What people in this category seem to say is that they need the ability
to visualize the "transform target" of the XML while they are writing
it. If they can get the whole job done by directly editing the target,
so much the better; but simultaneous visualization is a baseline
requirement. Len, if I understood him correctly, suggested that an ideal
editor would be multi-modal, allowing visualization in all the
application-specific domains a document traverses.
XML is also used as the syntax for several programming languages, most
notably XSLT. A programming language requires programming-specific
features, such as debugging, testing, dynamic visualization.

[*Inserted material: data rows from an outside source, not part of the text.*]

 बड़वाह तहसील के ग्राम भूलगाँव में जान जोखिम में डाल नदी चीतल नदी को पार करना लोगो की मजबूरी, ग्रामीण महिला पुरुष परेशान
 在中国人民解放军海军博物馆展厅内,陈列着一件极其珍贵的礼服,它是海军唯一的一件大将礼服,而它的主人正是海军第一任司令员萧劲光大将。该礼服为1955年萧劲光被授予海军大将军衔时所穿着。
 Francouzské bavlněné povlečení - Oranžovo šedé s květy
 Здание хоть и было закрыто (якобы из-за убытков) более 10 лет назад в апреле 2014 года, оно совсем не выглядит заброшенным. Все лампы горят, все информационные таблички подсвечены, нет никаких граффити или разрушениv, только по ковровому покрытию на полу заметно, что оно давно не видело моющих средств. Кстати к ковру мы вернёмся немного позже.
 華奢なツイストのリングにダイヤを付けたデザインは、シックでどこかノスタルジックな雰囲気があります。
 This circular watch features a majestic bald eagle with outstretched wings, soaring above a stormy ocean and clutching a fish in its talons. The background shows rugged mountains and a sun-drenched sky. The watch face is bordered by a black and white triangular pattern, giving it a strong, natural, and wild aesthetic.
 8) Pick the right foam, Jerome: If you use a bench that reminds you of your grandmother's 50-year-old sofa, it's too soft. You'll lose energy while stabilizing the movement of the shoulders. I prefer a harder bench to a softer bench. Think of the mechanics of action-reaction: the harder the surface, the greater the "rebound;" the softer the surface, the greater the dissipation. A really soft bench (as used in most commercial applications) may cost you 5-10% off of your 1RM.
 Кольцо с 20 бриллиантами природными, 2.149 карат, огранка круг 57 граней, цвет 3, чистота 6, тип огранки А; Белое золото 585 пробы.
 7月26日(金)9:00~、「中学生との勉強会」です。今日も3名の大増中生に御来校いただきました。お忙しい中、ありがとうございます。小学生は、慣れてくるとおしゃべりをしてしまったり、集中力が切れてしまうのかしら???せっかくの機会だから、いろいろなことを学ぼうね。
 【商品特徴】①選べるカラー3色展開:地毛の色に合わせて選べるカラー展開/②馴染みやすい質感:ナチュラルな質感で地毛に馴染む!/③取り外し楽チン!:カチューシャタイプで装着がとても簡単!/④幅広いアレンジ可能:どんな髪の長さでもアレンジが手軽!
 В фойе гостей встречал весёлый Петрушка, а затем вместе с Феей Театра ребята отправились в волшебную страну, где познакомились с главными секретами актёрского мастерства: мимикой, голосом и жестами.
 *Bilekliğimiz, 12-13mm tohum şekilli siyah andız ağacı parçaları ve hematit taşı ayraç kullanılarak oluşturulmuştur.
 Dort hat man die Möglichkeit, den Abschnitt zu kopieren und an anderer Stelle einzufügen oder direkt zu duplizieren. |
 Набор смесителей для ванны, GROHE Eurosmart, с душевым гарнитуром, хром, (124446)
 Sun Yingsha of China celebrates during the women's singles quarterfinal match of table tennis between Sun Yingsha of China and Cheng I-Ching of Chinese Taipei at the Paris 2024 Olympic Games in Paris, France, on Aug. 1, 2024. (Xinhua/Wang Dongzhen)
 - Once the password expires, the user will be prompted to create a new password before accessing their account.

Last but not least, there are those who want to visualize a document
primarily as pure hierarchical structure. These people seem to me to be
in the "outline editor" tradition and seem to feel most strongly about
validity-driven editing.
These four editing modes, textual, representational, behavioral and
hierarchical, all seem to me to be intrinsic to XML, which is at once
text, a syntax for application-specific languages, some of which are
programming languages, and a hierarchical specification. If there were,
or could be, one magical editor that brought all these together (with no
overhead, for all application domains of interest) then probably
everyone would use that, because it is obvious that these modes are
complementary. Sometimes one would use one mode, sometimes another,
whatever got today's job done most efficiently. But of course no such
editor is likely to appear, even setting aside the impossibilities of
providing visualization for all application domains or magically
delivering extra features at no cost. In the real world, we will be
served by editors that either try to do one mode in one domain very well
or try to do several modes/domains simultaneously (employing plugins,
dependency injection, etc.) but perhaps inevitably are not quite as good
as the best-in-class restricted-mode/domain editors.
That is really the end of my comment, except for this: It seems very
strange that in this entire thread about XML editors no one has
mentioned the elephant in the living room.